Evaluation stride has a immense impact on performance: the AJ gap between $s=1$ and $s=4$ on Kubric is 16.4, demonstrating that fine-grained matching is indeed crucial.
Training on Kubric generalises well to real DAVIS videos: although the training data is synthetic, the feature correspondence capability transfers well.
Training on Kinetics achieves similar results (AJ 34.6 vs. 34.5 trained on Kubric evaluated on DAVIS), indicating that the method does not rely on synthetic data.
A gap still remains between self-supervised and supervised methods: there is still a noticeable performance gap compared to TAPIR (84.7 Kubric AJ), but considering the complete lack of annotations, the results are highly encouraging.
Visibility prediction is achieved through a cycle consistency threshold: if the displacement error of the forward-backward loop exceeds $\tau_{cyc}=3$ pixels, the point is marked as occluded.

Highlights & Insights¶

Simple and efficient self-supervised solution: The overall method is conceptually simple—global matching + random walk + label warping, without requiring complex multi-stage training or coarse-to-fine matching.
Highly inspiring label warping: Data augmentation strategies that worked historically for CNNs fail on Transformers because the global receptive field of the Transformer can easily "invert" spatial transformations. Warping the labels instead of features is an elegant solution.
Dual advantages of global matching: (1) High spatial accuracy (64×64 vs. early 7×7), (2) considering a vast number of paths per iteration, providing richer gradient signals.
Visibility detection requires no additional modules, directly reusing the cycle consistency check.

Limitations & Future Work¶

The gap with supervised SOTAs (TAPIR/CoTracker) remains significant, especially in occlusion handling and long-term tracking.
Only single-scale matching is used (the original GMFlow design supports dual-scale); incorporating multi-scale might yield further improvements.
The computational overhead of evaluation stride $s=1$ is high: global matching on a 64×64 resolution translates to a 4096×4096 attention matrix.
The potential of training on large-scale unlabeled videos (e.g., using YouTube data) has not been explored.
Cycle consistency is naturally unable to handle "disappearance and reappearance" occlusion patterns.
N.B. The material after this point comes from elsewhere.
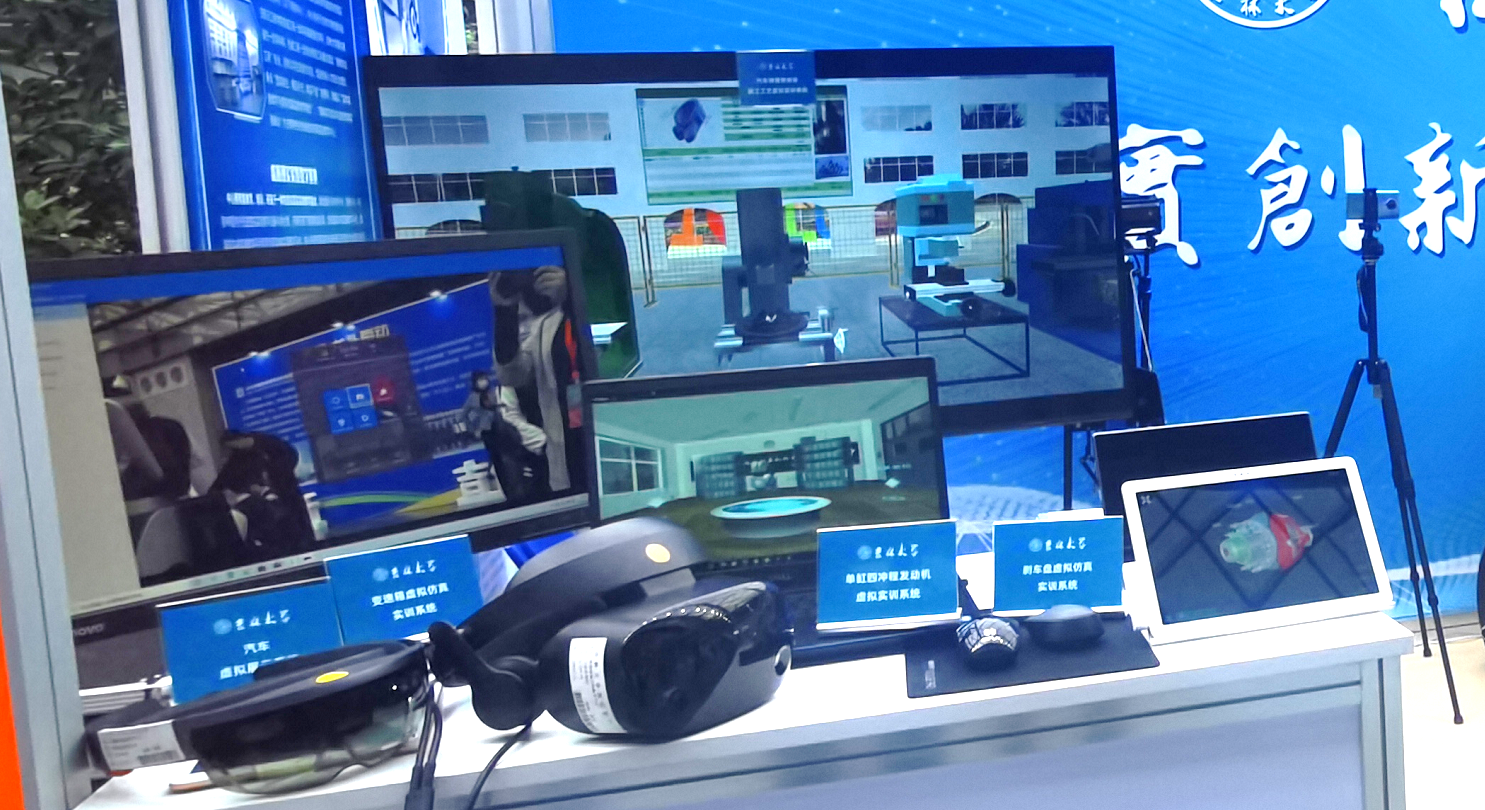 机械虚拟仿真实验教学中心本次共布展自主设计开发的机械虚拟仿真实验教学案例和创新创意项目十余项,包括基于AR增强现实技术的刹车盘虚拟仿真实训系统、基于VR虚拟现实技术的单缸四冲程发动机虚拟拆装系统和汽车调整臂壳体加工工艺虚拟实训系统、基于MR混合现实技术的变速箱虚拟仿真实训系统等。

CRW (Contrastive Random Walk) is the theoretical foundation of this work; GMRW upgrades it from coarse-grained CNNs to high-precision global Transformers.
The global matching architecture of GMFlow is creatively applied to self-supervised learning, whereas its original design was for supervised optical flow estimation.
Label warping may also inspire other tasks using Transformers + cycle consistency (e.g., self-supervised depth estimation, 3D correspondence learning).
Proves that the trend of "self-supervised approaching supervised baselines" also holds true in the field of point tracking.

Rating¶

Novelty: ⭐⭐⭐⭐ (The combination of global matching and CRW is novel, and label warping cleverly resolves Transformer-specific issues)
Experimental Thoroughness: ⭐⭐⭐⭐ (Four TAPVid benchmarks + comparisons with various self-supervised/supervised baselines + complete ablations)
Writing Quality: ⭐⭐⭐⭐ (The methodology is clearly described, but the paper is relatively short)
Value: ⭐⭐⭐⭐ (The self-supervised point tracking direction shows potential, but is still some distance away from practical application)